# 01 - interacting with the file system

# problem statement
we'll start by describing the problem we want to solve. if you already know all you need to solve it, you can skip the rest of this session! 

imagine you found a nice dataset you need to analyse, but instead of consisting of a single file or a set of conveniently named files sitting together in a directory the files are scattered about in folders, sub folders, and sub-sub folders. there are tens, or hundreds of them. also, not all of the files are data files, some of them are documentation files. 

you just want a list of the data files so you can iterate over it and process  them all in some way. so you now need to create a python function that takes a path to a root directory as its arguement, and then will traverse the  folder tree structure and collect all the files therein that have a given filename extension and returns a list of the files found (path + filename) 

## bonus: 
filter the data files (assumed to have `.dat` filename ending) and return the list, ordered by **decreasing file size**.

In [1]:
import os
import operator

## solution - list all files with given filename ending, ordered by decreasing file size

In [2]:
# set the root directory 
start_here = '/Users/katiea/git/python_workshop/python_exercises/exercises/01 intro and setup'

In [3]:
# provide filename ending
filename_ending = '.dat'

In [4]:
# function that takes a list of files, retrieves the filesize, sorts the list of files in decreasing order of size
# and returns the sorted list 

def getKey(item):
    return item[1]

def order_files_by_size(list_of_files):
    list_of_files_and_size = []
    for f in list_of_files:
        file_size_tuple = (f, os.path.getsize(f))
        list_of_files_and_size.append(file_size_tuple)
    sorted_list_of_files = sorted(list_of_files_and_size, key=getKey, reverse=True)
    return sorted_list_of_files

In [5]:
# function that takes a root directory and file extension, traverses the root directory, retrieves all files in
# the root directory and sub-directories that end with the specified file extension, and then uses the above function
# to order them according to filesize

def retrieve_list_of_files(root_directory, file_extension):
    list_of_files = []
    for current_dir, directories, files in os.walk(root_directory):
        for file in files:
            if file.endswith(file_extension):
                list_of_files.append(os.path.join(current_dir, file))
    ordered_list_of_files = order_files_by_size(list_of_files)
    return ordered_list_of_files

In [6]:
# Ta-da!
retrieve_list_of_files(start_here, filename_ending)

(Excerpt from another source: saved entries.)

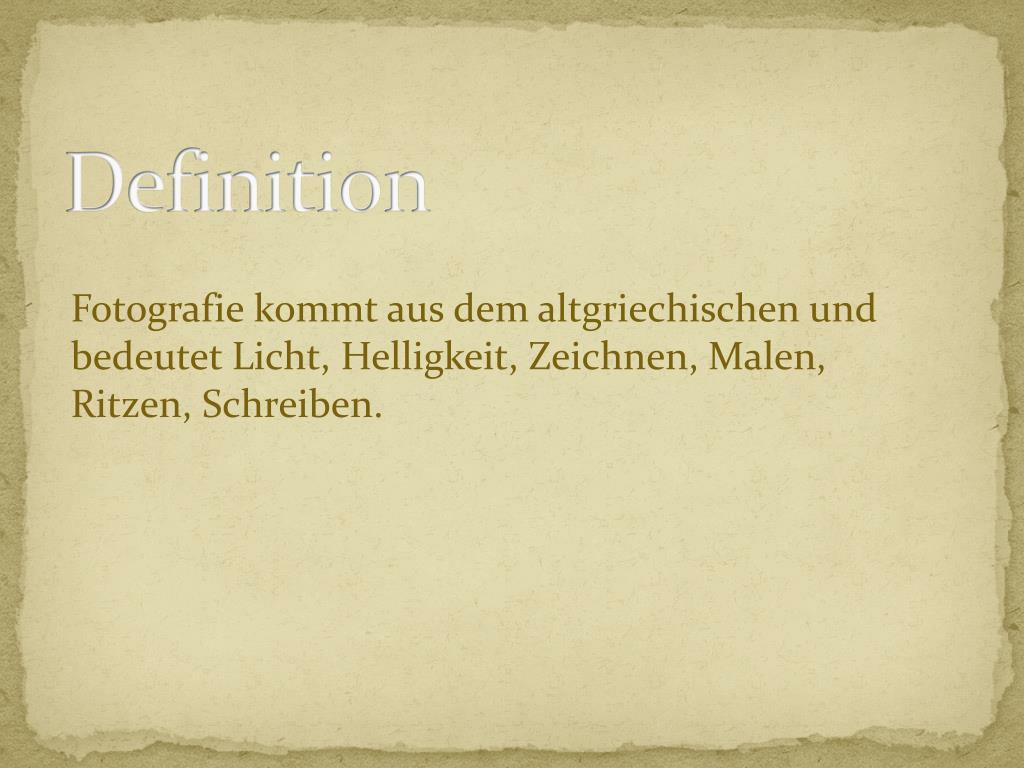 Definition Fotografie kommt aus dem altgriechischen und bedeutet Licht, Helligkeit, Zeichnen, Malen, Ritzen, Schreiben.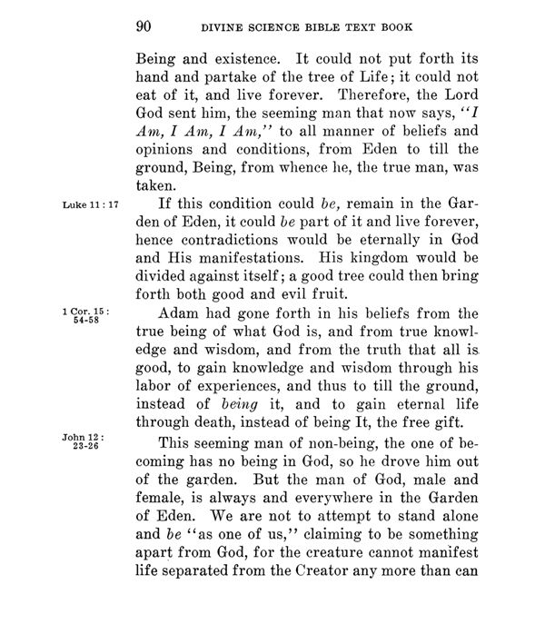 Being and existence. It could not put forth its hand and partake of the tree of Life; it could not eat of it, and live forever. Therefore, the Lord God sent him, the seeming man that now says, "I Am, I Am, I Am," to all manner of beliefs and opinions and conditions, from Eden to till the ground, Being, from whence he, the true man, was taken.
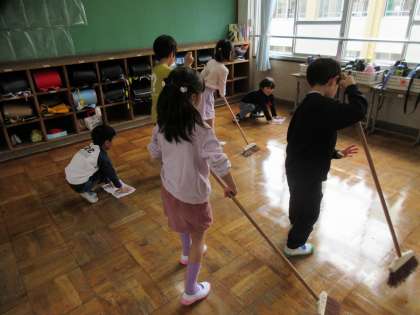 毎朝のつま先立ちや、毎日のそうじを一生懸命頑張っています。そうじは1年生の時とは違う場所をするグループもありますが、どの掃除の場所でも、友達と協力して進んで掃除をしていて素敵です。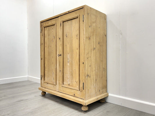 Stripped Antique Pine, Double Door Cupboard With Hidden Drawers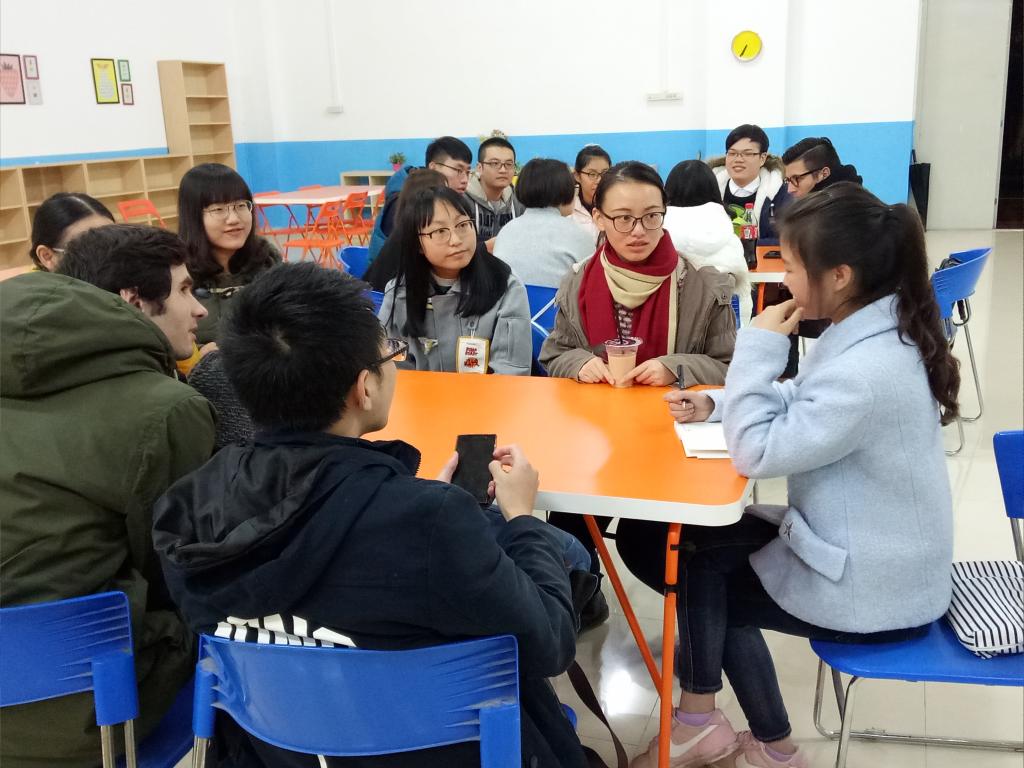 2016年12月7日晚六点三十分,第28期英语角在南岸校区外语活动中心顺利举办。本次活动由外语公司分团委员工会组织部主办,素拓部协办。外教Justin,Buzz,Sam与来自全校的英语爱好者共同参与了本次主题“Super stars and super fans”的讨论。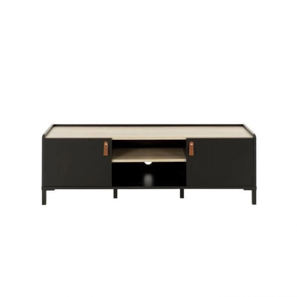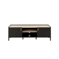 AMSTERDAM Meuble TV – Style industriel – Décor chêne noir – L 136 x P 40 x H 44 cm

[('/Users/katiea/git/python_workshop/python_exercises/exercises/01 intro and setup/exciting_data/sub_2/subsub_3/thisisenough/file7.dat',
  130),
 ('/Users/katiea/git/python_workshop/python_exercises/exercises/01 intro and setup/exciting_data/sub_1/file3.dat',
  65),
 ('/Users/katiea/git/python_workshop/python_exercises/exercises/01 intro and setup/exciting_data/sub_3/file5.dat',
  26),
 ('/Users/katiea/git/python_workshop/python_exercises/exercises/01 intro and setup/exciting_data/file2.dat',
  13),
 ('/Users/katiea/git/python_workshop/python_exercises/exercises/01 intro and setup/exciting_data/sub_2/file4.dat',
  13),
 ('/Users/katiea/git/python_workshop/python_exercises/exercises/01 intro and setup/exciting_data/sub_2/subsub_1/file6.dat',
  13),
 ('/Users/katiea/git/python_workshop/python_exercises/exercises/01 intro and setup/exciting_data/file1.dat',
  12)]